Operating the massage chair is made possible with contributions from Google Translate.


After a brief respite, we went out on the town in search of more food.


We'd had nearly every type of Japanese food that everyone can agree on over the last two days, and were curious to try the local take on Italian food, so we found a nearby candidate.

Unfortunately, they were closed for a private event. We had no trouble finding another nearby option, though, just a few blocks away. There's a surprising amount of Italian food in (this area of) Tokyo.



I think our expectations were fairly low, and while it certainly wasn't anything close to what we'd get at home, it was perfectly acceptable.


On the walk back to the hotel, we stopped at a Hiroshima-themed food shop to inspect the lemon-flavored offerings. Google Translate does not disappoint.

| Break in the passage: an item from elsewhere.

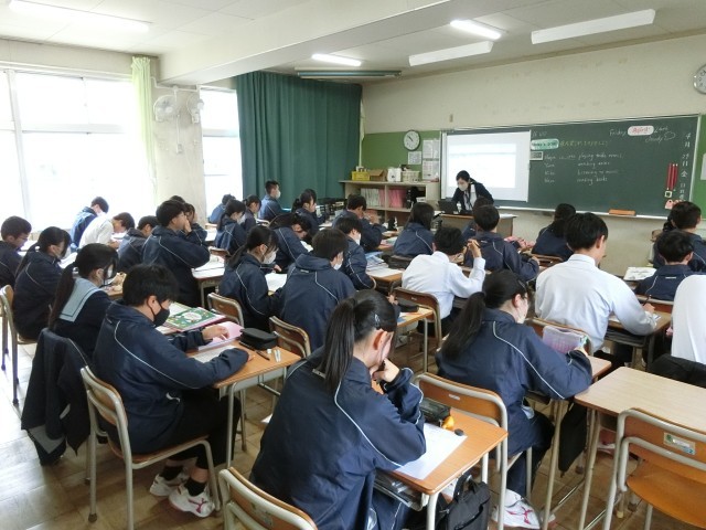 24日(金)3限に、野外学習の学年集会、音楽の授業ではオリエンテーション、特別支援学級では自立活動で学校生活におけるルールなど、英語の授業では現在完了形について行われていました。
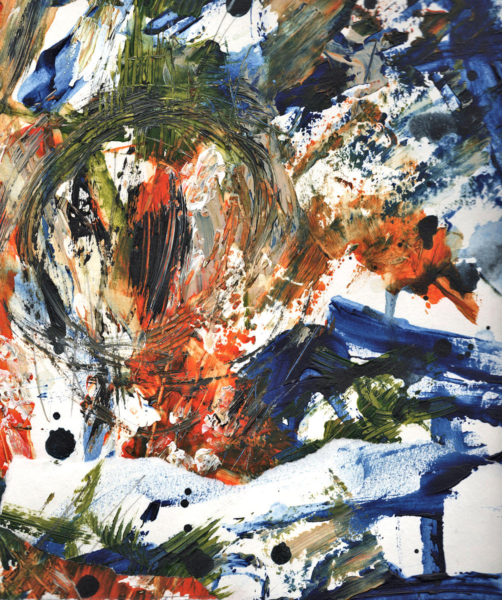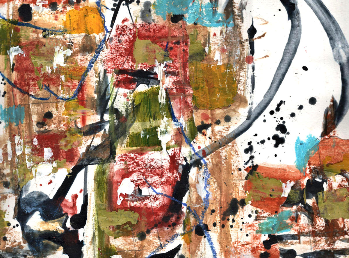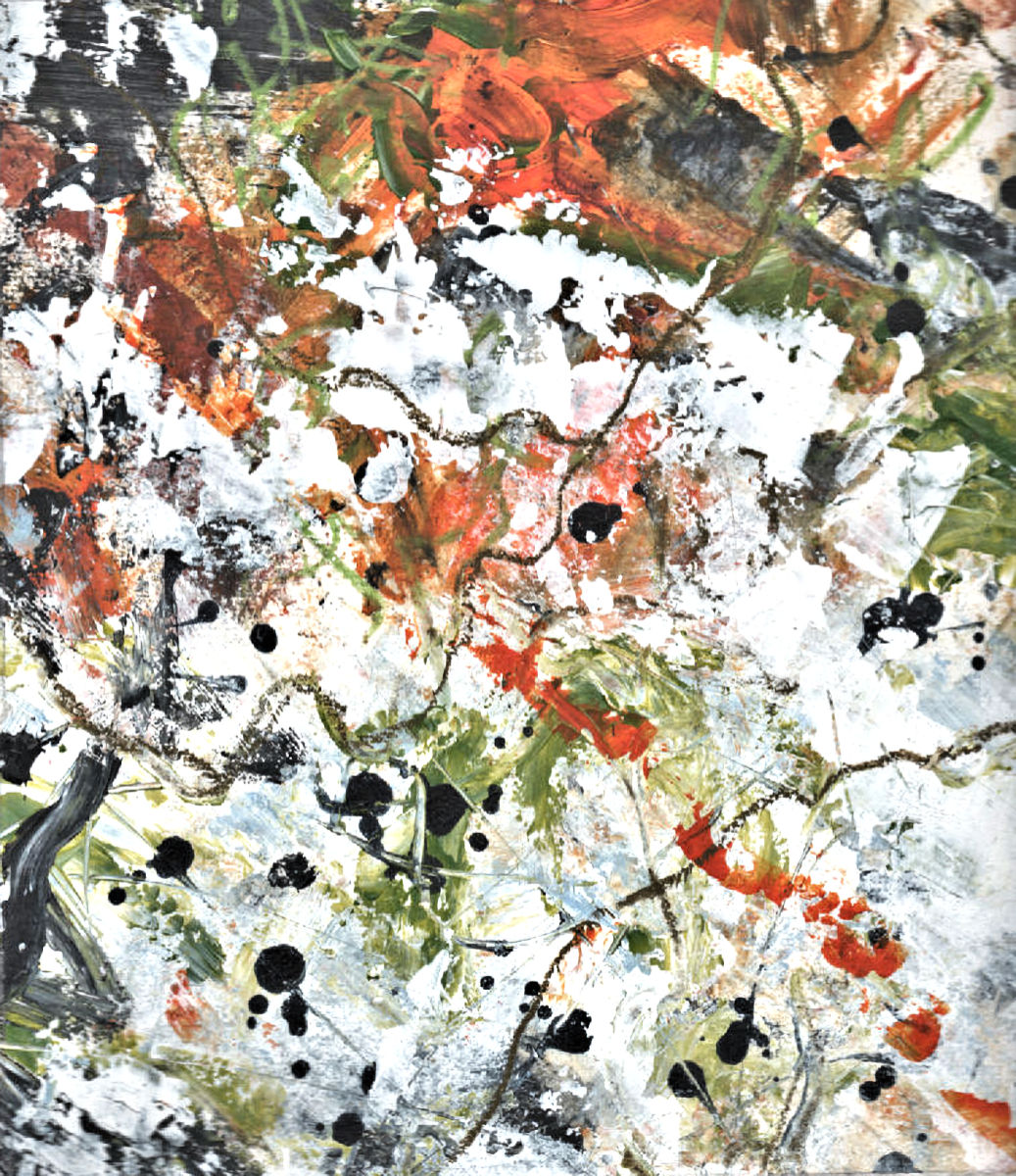 I started drawing and painting in early 2017 and enjoyed it so much that I was soon experimenting with mediums - watercolour, gouache and acrylics as well as pastels, charcoal and inks - and with genres - a few portraits and still-lifes but even in the very early days, abstracts. I signed up for a number of courses - both real and online - which helped me a lot to see the options and learn the techniques, and after a few years of 'fun and fiddling' I settled on the approach that gave me - and still gives me - the most satisfaction: abstracts produced using acrylics and often with the addition of aspects of collage.

I didn't bother to translate this one; it's a vacuum-sealed bag of small, dried, whole fish.



The real goal, however, was to get some gelato.


We were briefly unclear on the "don't walk and eat" status in Tokyo, as we'd seen some other people doing it. When we tried to eat our ice cream in the store, however, we were quickly disabused of the idea that the rules were different than they'd been in Kyoto, and told to go stand in the designated consumption zone, outside.


The last stop before turning in for the night was 7-Eleven, obviously. There are unusual snacks around every corner here.


Tomorrow, we'll be up and out early for a guided tour of some areas around Tokyo.